What would people think if this great Christian thinker was to marry a divorcee who (for many) was still a Jewish communist? Would that be a sin? This was the current teaching of his church. In fact, if he married her he would be considered by many to be committing adultery as well. (Dorsett 119) The man’s name, by the way, is CS Lewis. He has authored a great many Christian books of the past century. You may know him from his writings for children called The Chronicles of Narnia. Another movie based upon his books has just been released and is playing in the theaters right now. If you haven’t read the books or seen the movies, I highly recommend them to you.
Is it possible for us to see Lewis in a similar place as Joseph? Was there something before both of them that appeared to be sin yet it was not? Lewis married this Jewish divorcee while she was battling cancer and she was able to live for a few years after their marriage. Some believe he may have married her because she was dying of cancer but when it went into remission even their worst detractors could not fail to acknowledge their love for one another. Eventually, she succumbed to her illness and the grief that Lewis felt was almost unbearable. Through that struggle and pain that he faced, he wrote one of the most powerful books about grief and suffering.
As Christians we often find ourselves facing a strange dilemma? Is it really our place to judge something or someone as sinful? Let us return to the story of Joseph and Mary. Is it possible that we might need to sit down, like Joseph, and dream new dreams? As followers of Jesus, are we willing to be like Joseph and hear from an angel of the Lord? Or are we afraid that in hearing from God we will begin to question our definitions of sin and, maybe, possibly, realize that what we once thought was a sin is, in fact, no sin at all?

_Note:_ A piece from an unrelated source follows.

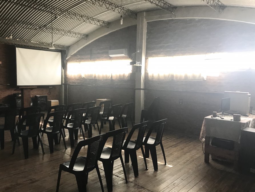Galpon de 8 x 11 mts c/techo parabolico de 7 mts de altura, contrapiso, 1 baño, 1 cortina metalica de 3 mts de ingreso, entrepiso amplio c/pisos de madera, playa al frente.

Maybe, just maybe, as followers of Christ we ought to walk such a path of grace that we become instruments of God’s mercy and kindness. Maybe, just maybe, instead of looking for the sin in a particular person’s life or situation we might open our eyes and see God at work in the midst of it all!
Are we willing to have our thoughts and presuppositions challenged? Are we willing to have our world turned upside down? I hope so because maybe, just maybe, at the end of it all what we thought was sin is actually God being born into the world? In the midst of what appears to be sinful humanity and what appears to be sinful action, God came into the world. This is why we should ask ourselves during this Advent season for God to give us new dreams and, instead of seeing sin, we should look in the strangest, darkest of places to see where God is being born into the world. After all, didn’t God appear in the strangest place of all the first time? A virgin’s womb!
Carter, Warren. Matthew and the Margins: A Sociopolitical and Religious Reading. Maryknoll, NY: Orbis Books, 2005. Print.
Dorsett, Lyle W. A Love Observed. Wheaton: Harold Shaw Publishers, 1998. Print.
Hauerwas, Stanley. Matthew. Grand Rapids, MI: Brazos Press, 2006. Kindle Edition.
Lectionary for iPad. Version 1.2.10. 2010. Digital.
The New Revised Standard Version of the Bible. Olive Tree iPad Application. Digital.